You Are Capped.co.za

But I'm not capped, it's a new account, have spoken to axxess and they say we have 5GBs available...this message does not come from My ISP...

??
 
ooohhhkay.... it's axxess (saw on whois), strange how all my bandwidth can run out in one day!
maybe time to change ISPs... apologies.
 
ooohhhkay.... it's axxess (saw on whois), strange how all my bandwidth can run out in one day!
maybe time to change ISPs... apologies.

Ad-ware or spyware pershaps and just how much is this bandwidth that got eaten in one day.
 
That site is owned by Axxess.

They automatically forward you to that site while browsing, if you are genuinely capped OR there is a billing problem - e.g. their debit order bounced for whatever reason or the accounts department hasn't allocated your payment to your account yet/correctly, leading to an account suspension.
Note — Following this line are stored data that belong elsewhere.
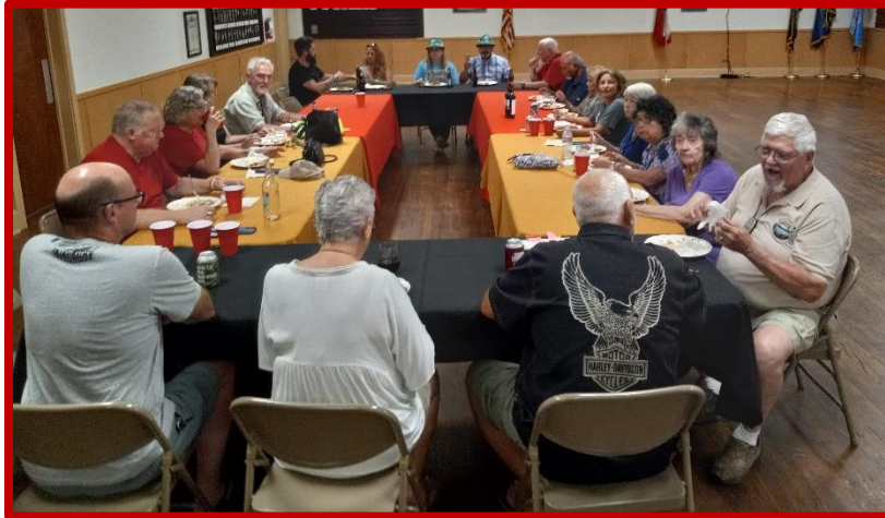
Figure 6 Enjoying the "Spargel" Dinner.

Our ALR cook team prepared burgers for the post car and bike show. Our Spargel (asparagus) Social was a complete hit. Plan to attend our Zwiebel (onion) Social, which will be in October, so start looking up some recipes.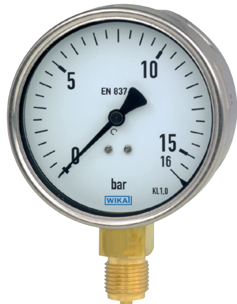
Bourdon tube pressure gauge model 212.20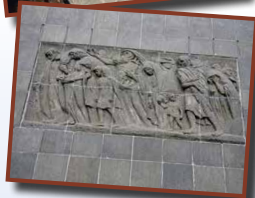
Top to bottom: A memorial, at the Jewish Cemetery in Warsaw, to the children who died during the Holocaust; mass graves in Warsaw where thousands of Jewish Holocaust victims were buried; and a memorial in front of the new Museum of Polish Jewry shows Moses leading the Polish Jews to the promised land.

Message is a bit deceptive actually, try talking to the accounts department at Axxess first if you haven't come right yet. If the account is in good-standing, then escalate to support.
 
This is a dirty tactic used by ISPs to "make your life easier". It's called DNS poisoning - what they do is that when you ask for Telkom.co.za, they give you the address for a page that redirects you to youarecapped.co.za.

The problem is that, now, when you are not capped anymore - or even when you move to another connection, your computer still remembers this old spoofed/poisoned address, and takes you back to this page.
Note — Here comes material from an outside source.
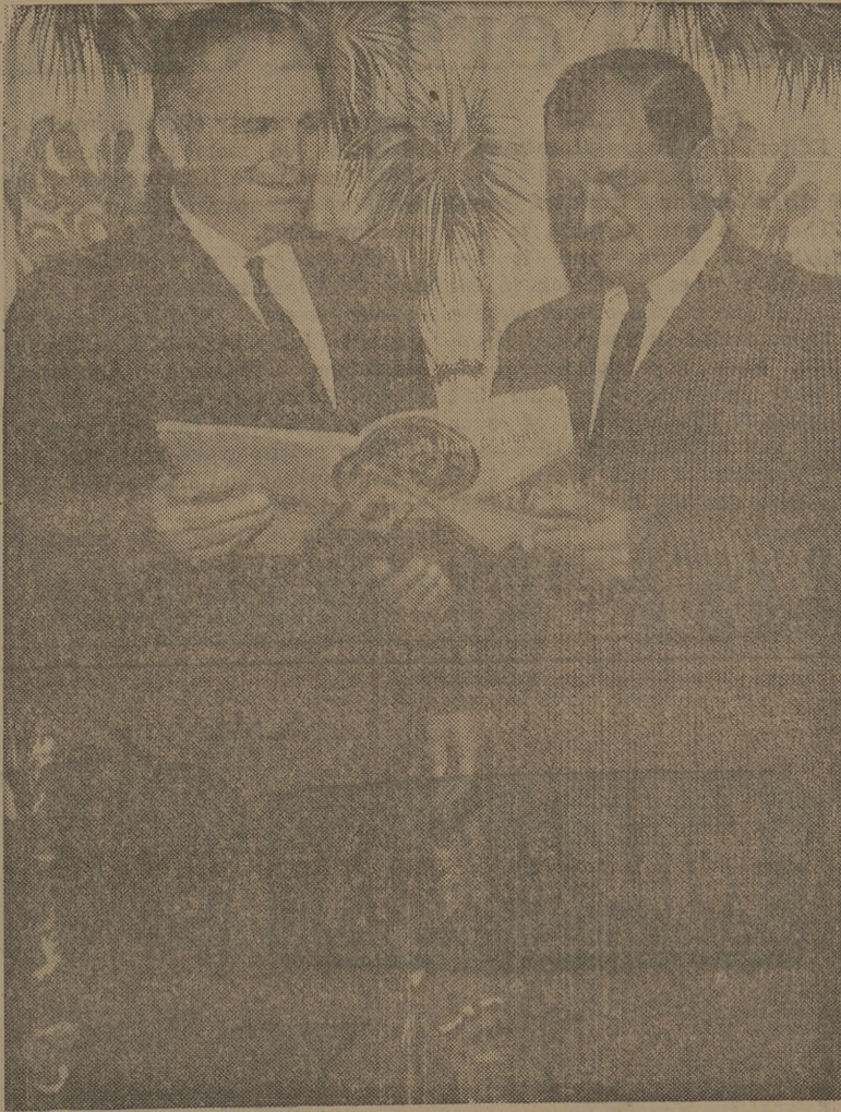
'Colonel and Barber' ... relive old times

Assessments against abutting property and the owners shall be the personal liability of the owners of such property and a first and prior lien on the property against which assessments are levied, and shall be due and payable on or before thirty days after date of completion and acceptance of the improvements and said assessments shall bear interest from date of such completion and acceptance until paid at the rate of eight per centum (8%) per annum, payable annually, provided, any owner shall have the right to pay the assessment at any time before maturity by paying principal and interest accrued to date of payment, provided further that if default be made in the payment

The way around it is to flush your DNS. You can run "ipconfig /flushdns" - if that doesn't work, the caching is probably on your router, for which a reboot will be the easiest fix.
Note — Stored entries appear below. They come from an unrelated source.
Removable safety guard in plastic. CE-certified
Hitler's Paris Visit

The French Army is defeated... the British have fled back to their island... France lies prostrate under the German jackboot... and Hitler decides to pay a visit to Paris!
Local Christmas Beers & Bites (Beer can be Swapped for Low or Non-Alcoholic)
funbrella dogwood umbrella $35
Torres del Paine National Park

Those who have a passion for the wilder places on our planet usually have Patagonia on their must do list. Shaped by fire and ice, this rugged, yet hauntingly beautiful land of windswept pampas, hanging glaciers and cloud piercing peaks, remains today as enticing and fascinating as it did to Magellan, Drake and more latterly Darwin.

The internet was not designed to work like this and it's similar to tactics used by bad ISPs to redirect you to fake sites. HTTPS is a remedy for this, provided that you do not click past any warnings - how it fixes it is by asking another service provider via a secure mechanism that is very hard to crack, whether the site you are visiting is the same site registered with them - and if not, it gives you a warning. The problem is that if you accept this warning, you normally install an override in your browser and next time they can serve you illegitimate pages... so beware of any warnings!

AFAIK MWeb started this. Afrihost does this. Now Axxess too.

I'm sure there's a nice foolproof/bulletproof way of doing this, but these guys are all doing it wrong. If I were them I'd fire the sysadmins and get ones that knew what they were doing.
 
While I don't like the dns poisoning they set the ttl very low so generally shouldn't be a problem once you're reconnected.